Inventory Flashcards
Ways to value inventory
- Lower of cost or net realizable value
2. Lower of cost or market
What inventory methods use lower of cost or net realizable value
FIFO
Average Cost
What inventory method uses Lower of cost or market
LIFO
Net realizable value (NRV)
Selling price - costs of completion
Lower of cost or market
This is replacement cost subject to a ceiling and floor. If replacement cost is in between the ceiling and floor, then use replacement cost
Ceiling for Lower of cost or market
NRV
Floor
NRV - Profit margin
Impairment losses on inventory
If inventory was valued at cost, meaning cost was lower than market or NRV, but then the inventory’s market price or NRV declines below cost, the inventory’s value is written down
Journal Entry:
Loss on inventory write down
Inventory
Casualty loss on inventory
A loss on inventory will be equal to the amount of loss less any sales of damaged inventory and less any insurance proceeds.
Specific identification
This is used with large items such as cars where each item has an individual cost.
FIFO
First in, first out. When prices are rising using FIFO, COGS is the lowest and provides the highest net income, also the highest ending inventory.
LIFO
Last in, First out. When prices are rising using LIFO, this gives the highest COGS and lowest net income, and lowest ending inventory.
Perpetual inventory system
A perpetual system records the purchases and sales of inventory items as they occur- in other words a computer system that tracks inventory moving in and out. Physical counts still take place to verify the inventory.
FIFO under perpetual
Costs are the same under both a perpetual and periodic system.
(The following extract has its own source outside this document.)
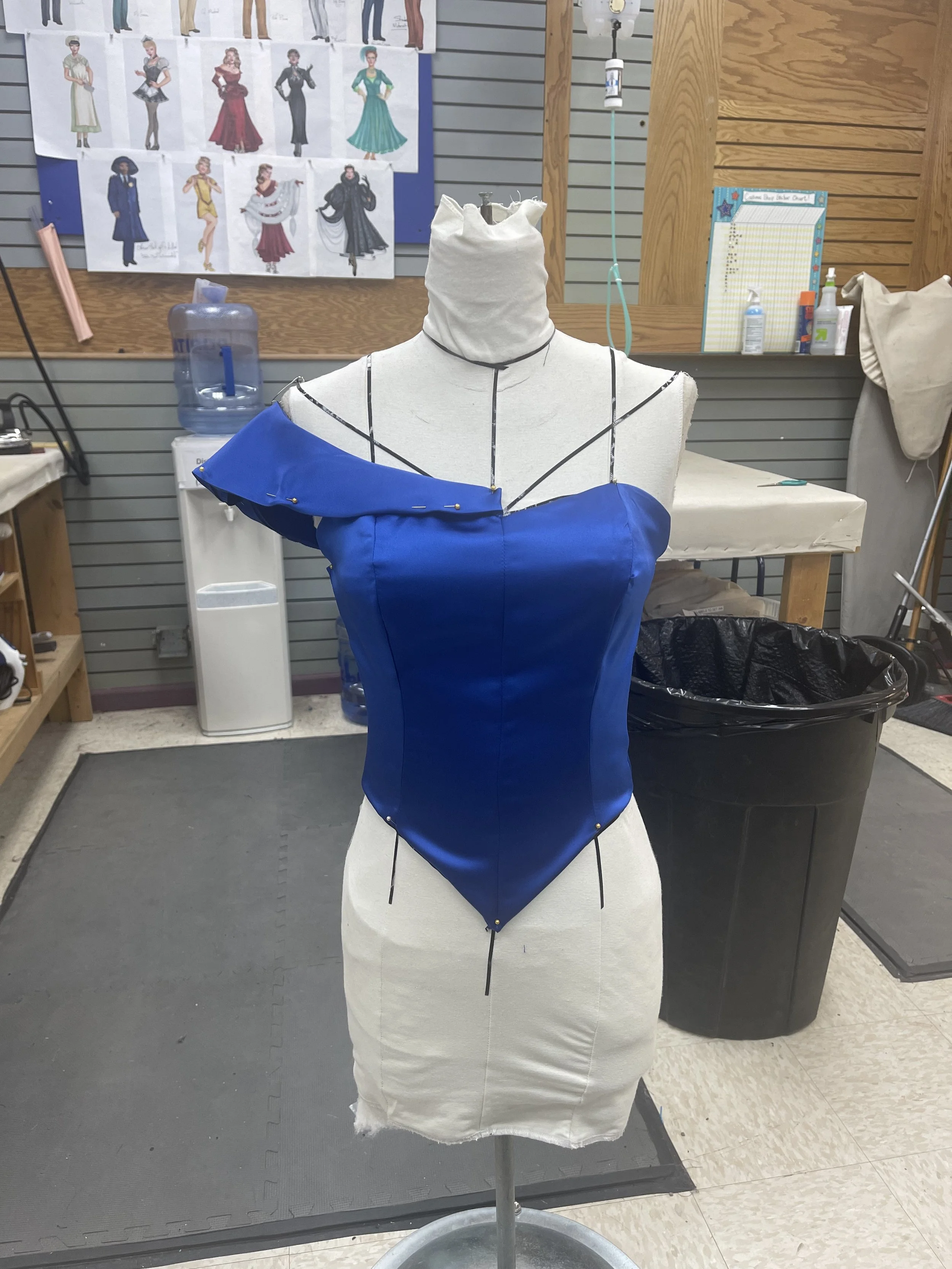 As one of the Drapers for this production of Clue, I was in charge of patterning Miss Scarlet’s gown, Cook’s dress and apron (which was removable), and the Telegram Girl’s outfit (which included matching gold tap shorts and buttons around the trim of the front bib—the photo to the right is a progress shot). I created the patterns and adjusted each for 2 understudies per character. I also assisted with construction on the Maids and alterations on the menswear.

Lowest COGS, highest net income, highest ending inventory.
LIFO under perpetual system
Under a perpetual system LIFO will have different inventory values than a periodic system because a cost is assigned after each sale. Last item purchased is the first one sold.
Highest COGS, lowest net income, lowest ending inventory. LIFO provides tax advantages because it causes lower net income. LIFO liquidation is when the oldest layer of cost is reduced because more units were sold in the current year than purchase, which taps into the older “layers” of inventory.